▶ **What is being asked**: Up to and including the line that contains "今日の給食は、のりの佃煮、なすびの味噌汁という和食の定番です。", write out every line of the entries exactly, beginning with the first. Omit the pictures.

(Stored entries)
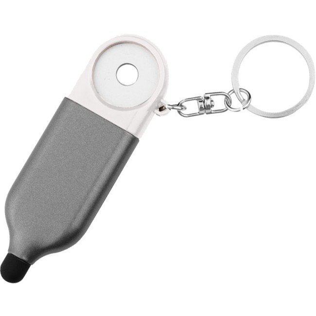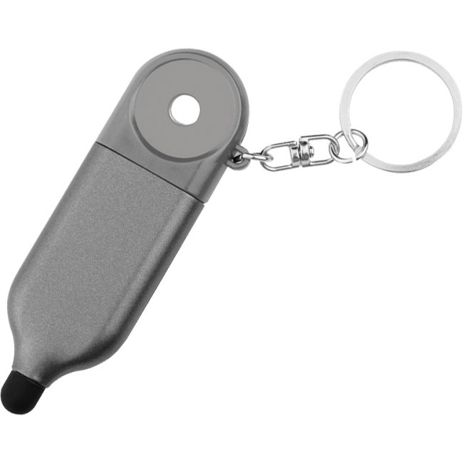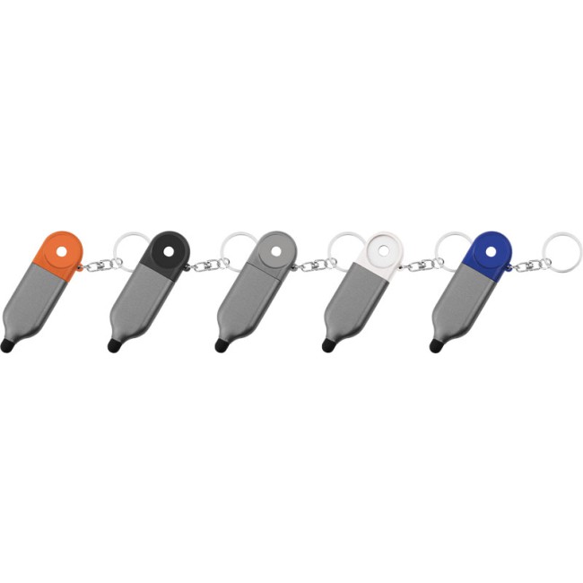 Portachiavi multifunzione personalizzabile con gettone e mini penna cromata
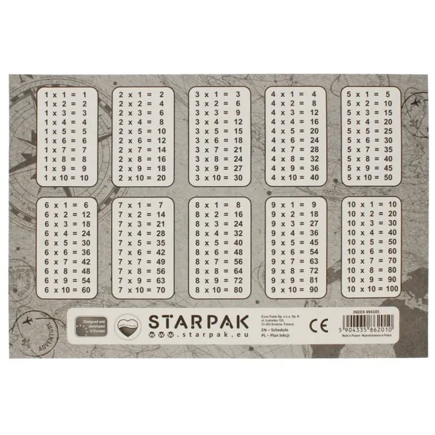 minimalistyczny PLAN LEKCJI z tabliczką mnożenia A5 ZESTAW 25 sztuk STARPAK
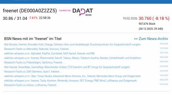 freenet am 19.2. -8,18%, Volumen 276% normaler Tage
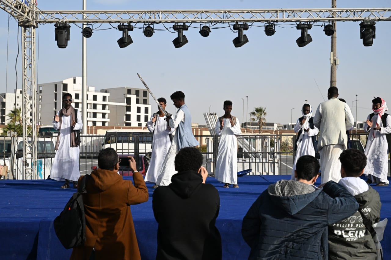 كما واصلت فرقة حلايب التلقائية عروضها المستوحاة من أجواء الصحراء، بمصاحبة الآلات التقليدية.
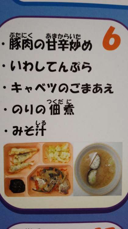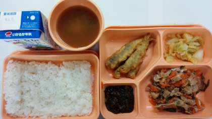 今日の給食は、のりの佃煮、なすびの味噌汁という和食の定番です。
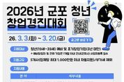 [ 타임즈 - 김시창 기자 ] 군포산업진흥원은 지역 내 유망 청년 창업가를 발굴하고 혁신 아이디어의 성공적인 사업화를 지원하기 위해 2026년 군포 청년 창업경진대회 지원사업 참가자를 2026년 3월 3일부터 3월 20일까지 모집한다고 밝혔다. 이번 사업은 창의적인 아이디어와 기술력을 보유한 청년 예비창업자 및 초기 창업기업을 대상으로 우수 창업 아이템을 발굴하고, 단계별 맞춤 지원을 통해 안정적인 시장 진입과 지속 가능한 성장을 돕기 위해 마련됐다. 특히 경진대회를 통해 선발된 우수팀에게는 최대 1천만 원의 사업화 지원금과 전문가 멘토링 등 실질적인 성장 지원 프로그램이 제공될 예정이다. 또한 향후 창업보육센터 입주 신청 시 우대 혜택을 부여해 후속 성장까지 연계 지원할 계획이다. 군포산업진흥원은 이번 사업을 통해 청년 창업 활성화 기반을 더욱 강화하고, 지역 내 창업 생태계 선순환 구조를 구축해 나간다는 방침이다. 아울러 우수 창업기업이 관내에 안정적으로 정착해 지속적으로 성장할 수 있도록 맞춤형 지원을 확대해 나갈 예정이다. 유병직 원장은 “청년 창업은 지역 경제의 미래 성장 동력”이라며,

▶ **Solution to this problem**:
 Portachiavi multifunzione personalizzabile con gettone e mini penna cromata
 minimalistyczny PLAN LEKCJI z tabliczką mnożenia A5 ZESTAW 25 sztuk STARPAK
 freenet am 19.2. -8,18%, Volumen 276% normaler Tage
 كما واصلت فرقة حلايب التلقائية عروضها المستوحاة من أجواء الصحراء، بمصاحبة الآلات التقليدية.
 今日の給食は、のりの佃煮、なすびの味噌汁という和食の定番です。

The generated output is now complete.